Mais notre époque est à la simplification, dont on parle tant, et au changement de la règle de droit avant même que celle-ci n’ait produit ses effets et n’ait été évaluée. Dans ce mouvement, une partie du corpus patrimonial dont on vient de relater l’histoire, épaisse de plus d’un siècle et demi, est considérée par certains comme un frein à la modernisation du pays.
Parmi les raisons évoquées, la différenciation des législations, réglementations et procédures s’appliquant à des composants patrimoniaux différents et entremêlés, ou juxtaposés sur un même espace, et le morcellement des responsabilités d’administration des territoires concernés, expliquent la tendance actuelle à vouloir simplifier le droit du Patrimoine et refonder l’action publique dans ce domaine. Cela ressort de la lecture des deux projets de loi en cours d’examen au Parlement (reconquête de la bio diversité, de la nature et des paysages – liberté de la création, architecture et patrimoines). Cette volonté de simplifier ne risque-t-elle pas de remettre en cause des principes, des règles et des pratiques qui ont fait, et qui font toujours, leurs preuves ? Alors que la géographie d’ensemble des espaces protégés aura sans doute tendance à se stabiliser naturellement dans les prochaines années, l’enjeu n’est-il pas, plutôt, de renforcer la gouvernance de ces territoires patrimoniaux exceptionnels tout en conservant l’implication et le soutien de l’État ?

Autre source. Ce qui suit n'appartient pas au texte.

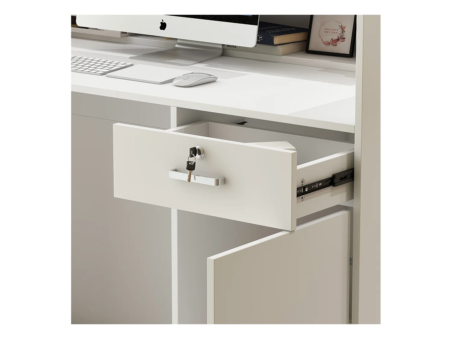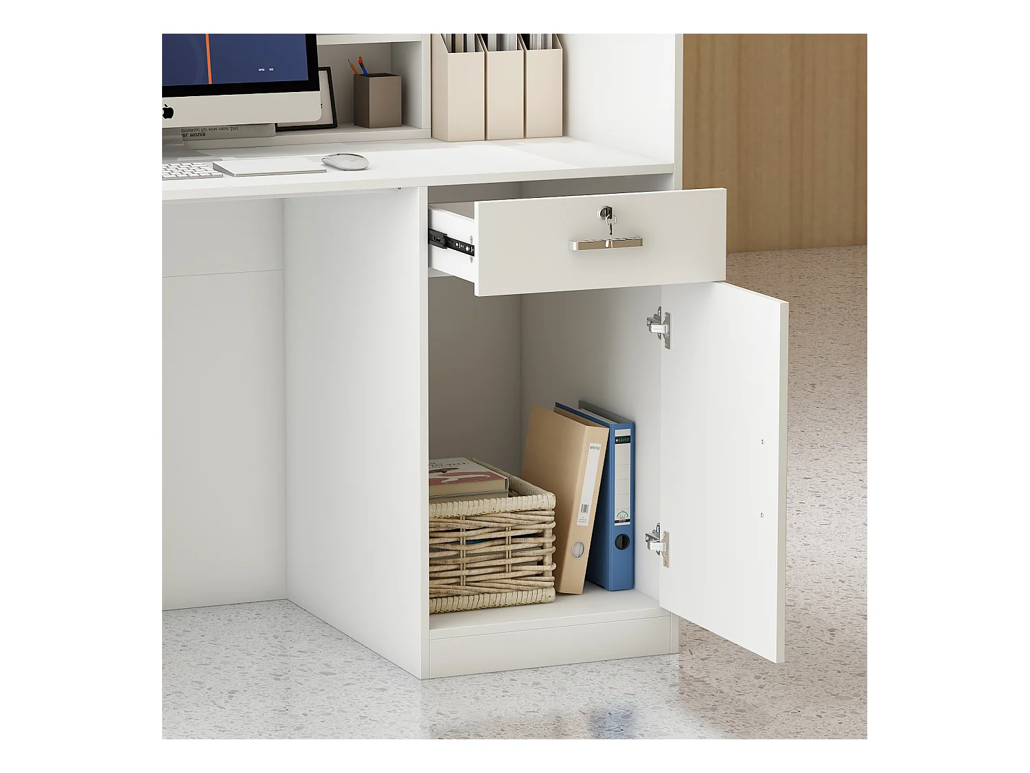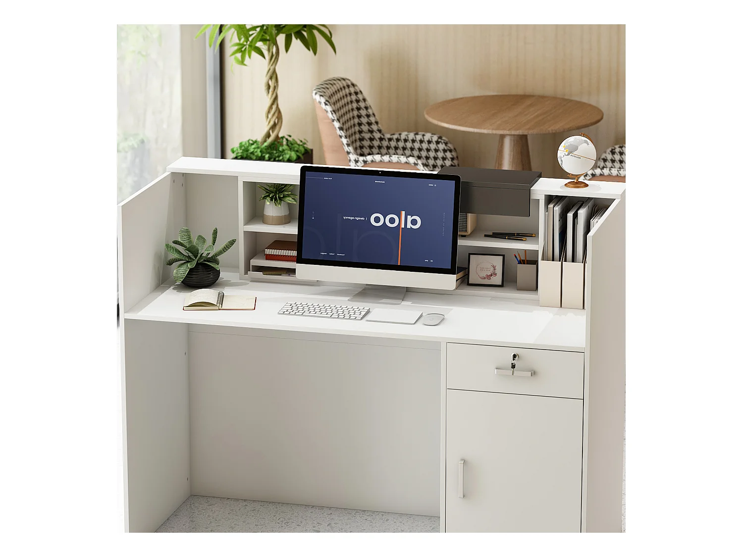 Comptoir de réception avec compartiments ouverts étagères Tiroir verrouillable Salon Bureau 120x110x47cm Blanc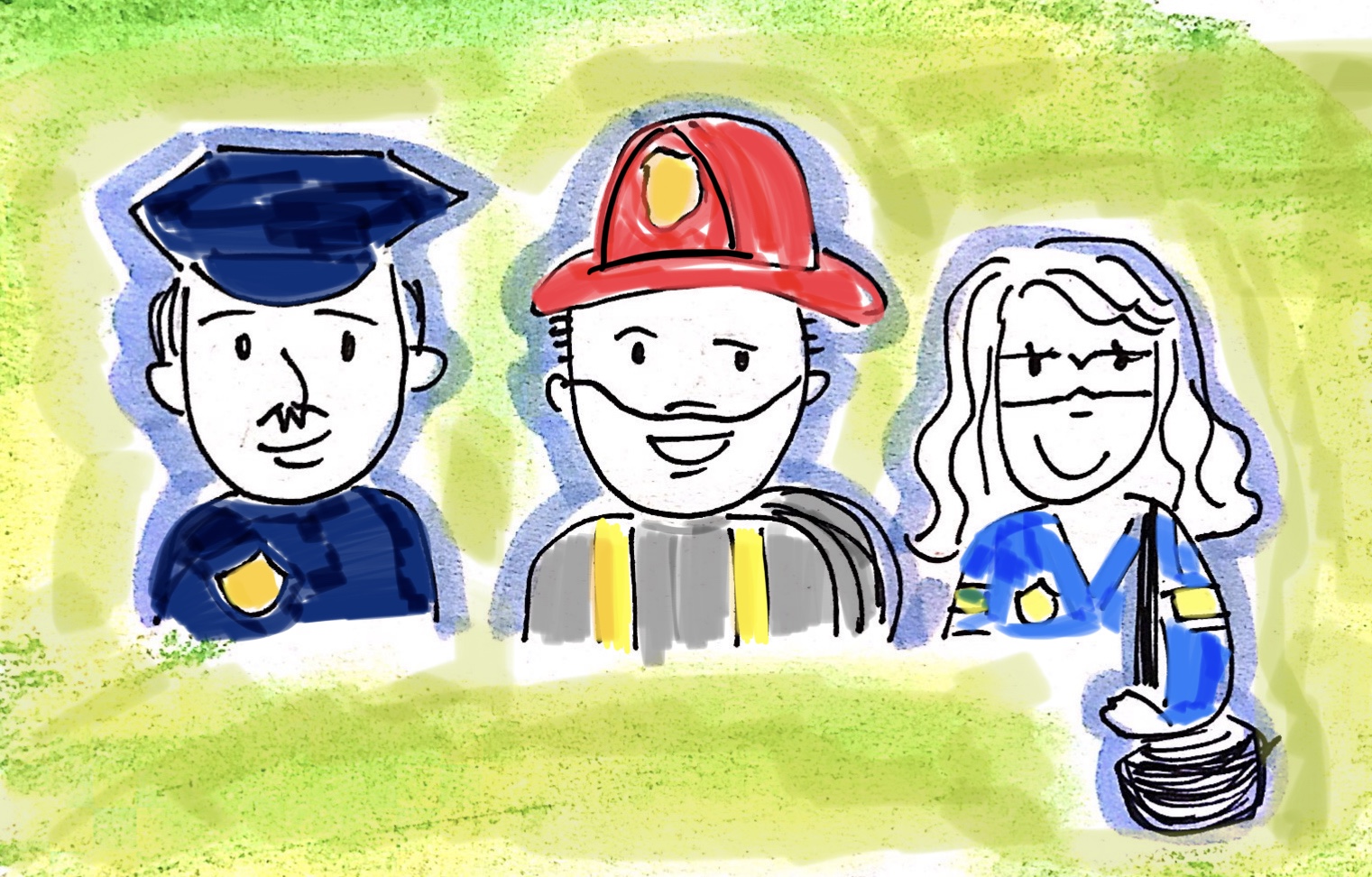 The book starts with an age-appropriate, but brief, explanation of the virus, how it transmits, and how serious it can become. Captain Corona tells a group of frightened children that there are so many helpers and then takes them on a flying tour to visit the 19 COVID Warriors: everything from healthcare workers to first responders to custodians, to event planners to delivery people.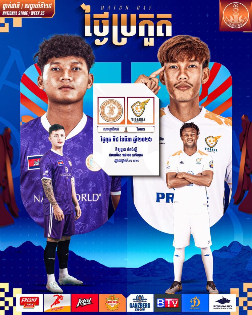 - ៤ មីនា ២០២៦៖ ណាហ្គាវើលដ៍ ប៉ះ វិសាខា នៅកីឡដ្ឋានខេត្តកំពង់ស្ពឺ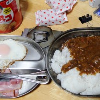 ベーコンを焼いた後の脂で卵を焼き、盛りつけた後のフライパンにご飯をあけてレトルトカレーをかけた。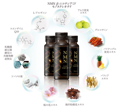 エリスリトール(アメリカ製造)、NMNナノ複合物(β-ニコチンアミドモノヌクレオチド、デキストリン)、乳酸菌・納豆菌・酵母菌の共棲発酵産物末、コエンザイムQ10、酵素処理燕窩末、N-アセチルグルコサミン(えび・かにを含む)、パフィア抽出液、海岸松樹皮エキス末、アムラ果実エキス末、桜の花エキス末、パイナップル果実抽出物(大豆を含む)/L-アルギニン、酸味料、環状オリゴ糖、糖転移ヘスペリジン、ニコチン酸アミド、香料、ビタミンB₂、ビタミンB₆、甘味料(スクラロース、アセスルファムカリウム)、ビタミンB₁₂

(1) On note aujourd’hui un courant de pensée en faveur de l’introduction de cette philosophie en Europe et en France.
(2) Ils obtiennent, sous Napoléon III, en 1861, le classement en série artistique de 1 097 ha de vielles futaies et zones rocheuses en forêt de Fontainebleau.
C'est la première mesure de protection d'un espace naturel pour motif culturel. D'autres sites ont ensuite bénéficié de ce statut (lac de Gérardmer, Malmaison...).

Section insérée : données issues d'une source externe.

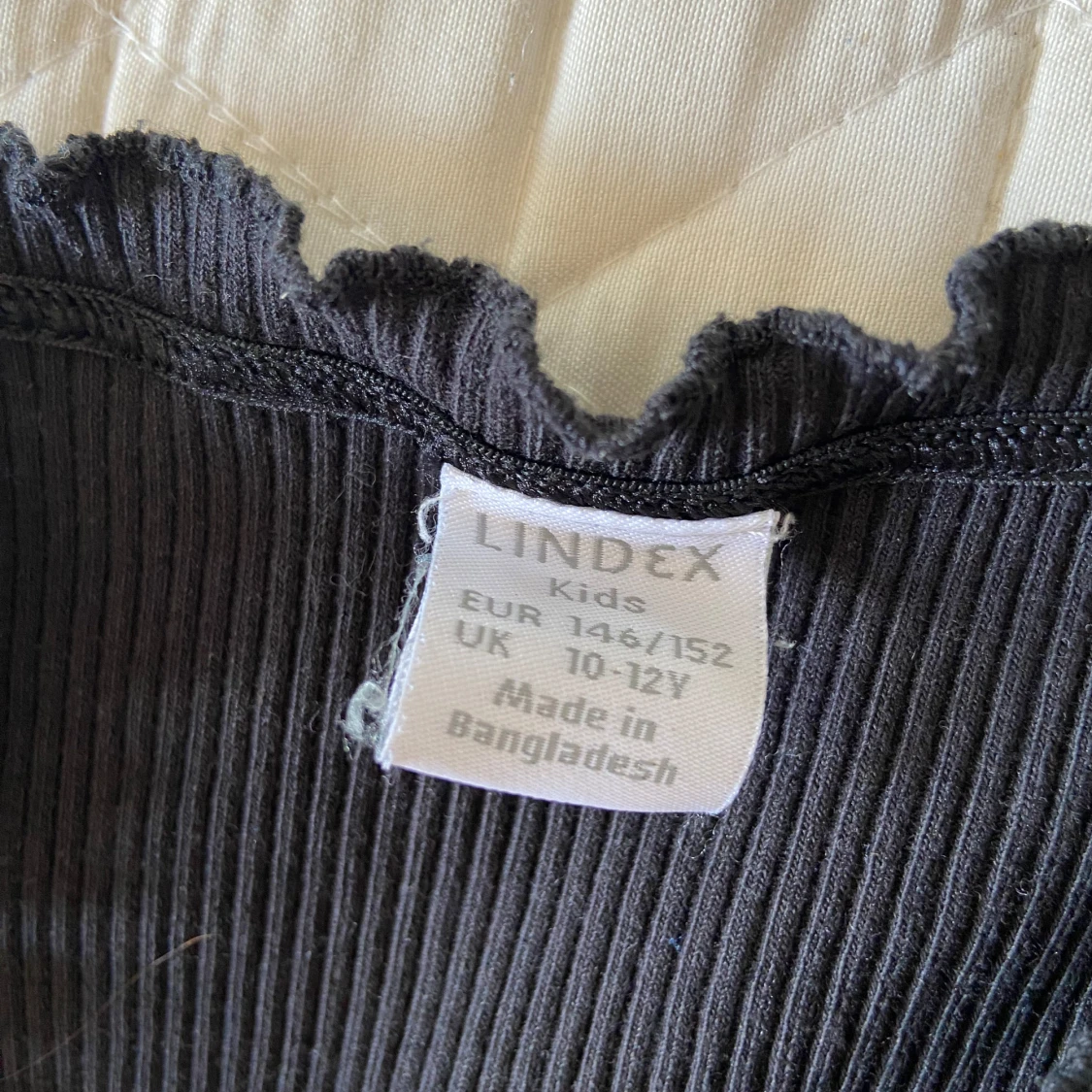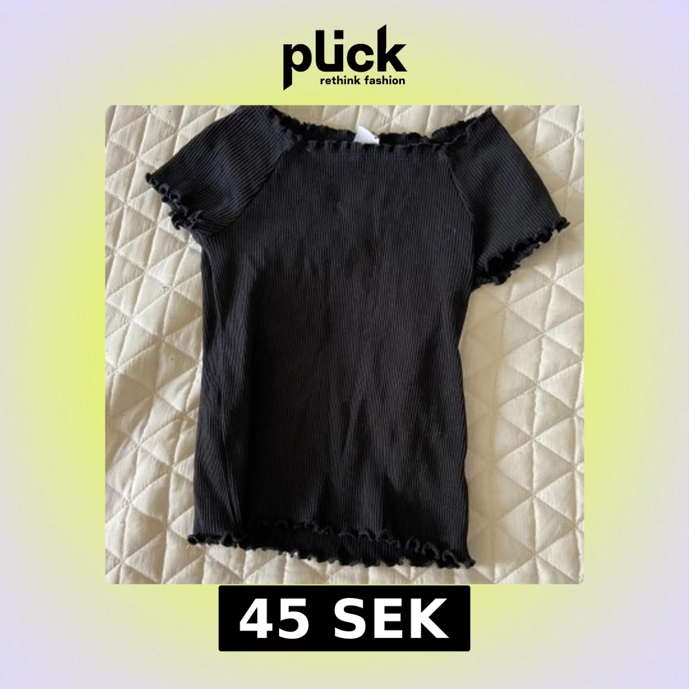 Svart topp från Lindex med korta ärmar och volangkant vid hals, ärmslut och nederkant. Toppens material är stretchigt och sitter snyggt på kroppen. Pris kan diskuteras🙃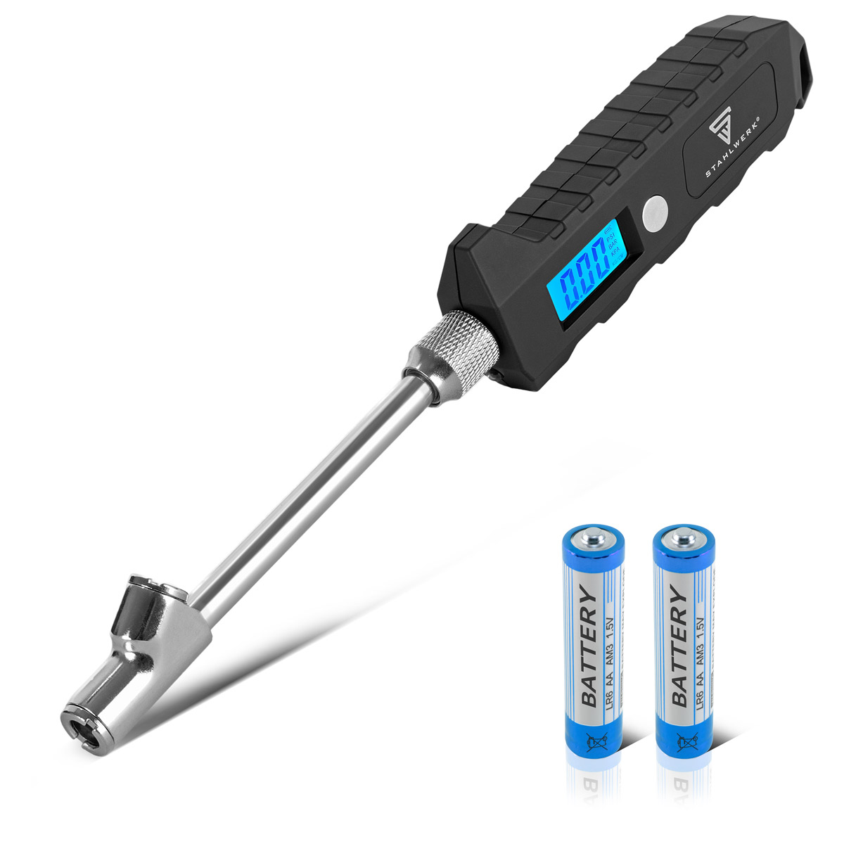 - Grazie alla sua avanzata tecnologia digitale, il manometro per pneumatici STAHLWERK fornisce letture precise e affidabili della pressione. Il display LCD chiaro e illuminato mostra la pressione in cifre di facile lettura.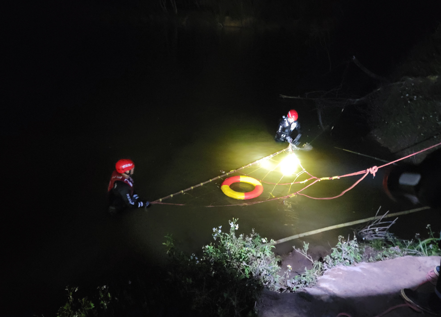 消防員立即穿戴好水域救援裝備下水展開搜索救援,隨后藍天救援隊和心連心救援隊趕到協(xié)同開展全覆蓋式搜索。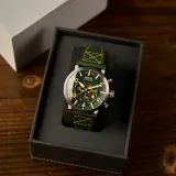 Bat Green, Dambuster Operation Catechism 80th Dual Time Chronograph, cesur RAF operasyonuna saygı duruşunda bulunan sınırlı sayıda üretilmiş bir saattir. 43 mm paslanmaz çelik kasası ve 22 mm yeşil deri kayışı ile dikkat çeker. Çift zaman dilimi özelliği, uluslararası seyahat edenler için idealdir. Mineral lens ve Japon quartz mekanizması ile güvenilir bir performans sunar. Bu saat, tarihsel bir mirası taşırken, şıklığı ve işlevselliği bir araya getirir.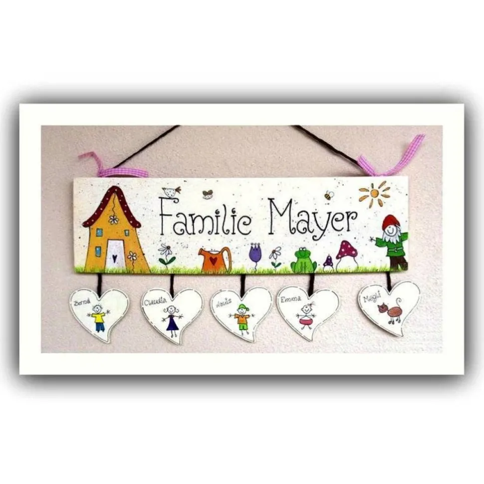 Verschenke ein einzigartiges Geschenk zum Einzug in das neue Haus oder die neue Wohnung! Mit diesem handbemalten Türschild Familie aus Holz mit Herzanhängern setzt du stilvolle und persönliche Akzente an jeder Haustür. Das Holzschild wird aufwendig per Hand beschriftet und bemalt – natürlich mit deinem Familiennamen und in deiner Wunschschriftart. Jeder Herzanhänger wird individuell mit Wunschfiguren und Vornamen gestaltet, bis zu sechs Herzchen nebeneinander sind möglich.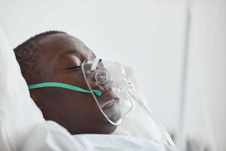 Side view portrait of young African-American man in hospital bed with oxygen mask , copy space

(3) Dont celui provenant du droit international et européen.
(4) Un pré inventaire des richesses naturelles de la France est lancé en 1969 à l’initiative du ministre des Affaires Culturelles et de celui de l’Agriculture. Il sera suivi de l’inventaire des Zones Naturelles d’Intérêt Ecologique, Faunistique et Floristique (Znieff) en 1982, devenu aujourd’hui l’Inventaire national du patrimoine naturel (INPN), sous la responsabilité du Muséum national d'histoire naturelle.
(5) Création du Conseil National de protection de la nature (1946) et du ministère en charge decette protection en 1971.
(6) Chaque type d’espace se dote d’une tête de réseau (CPRN, fédération des PNR, PNF, ATEN, CREN, RGSF...).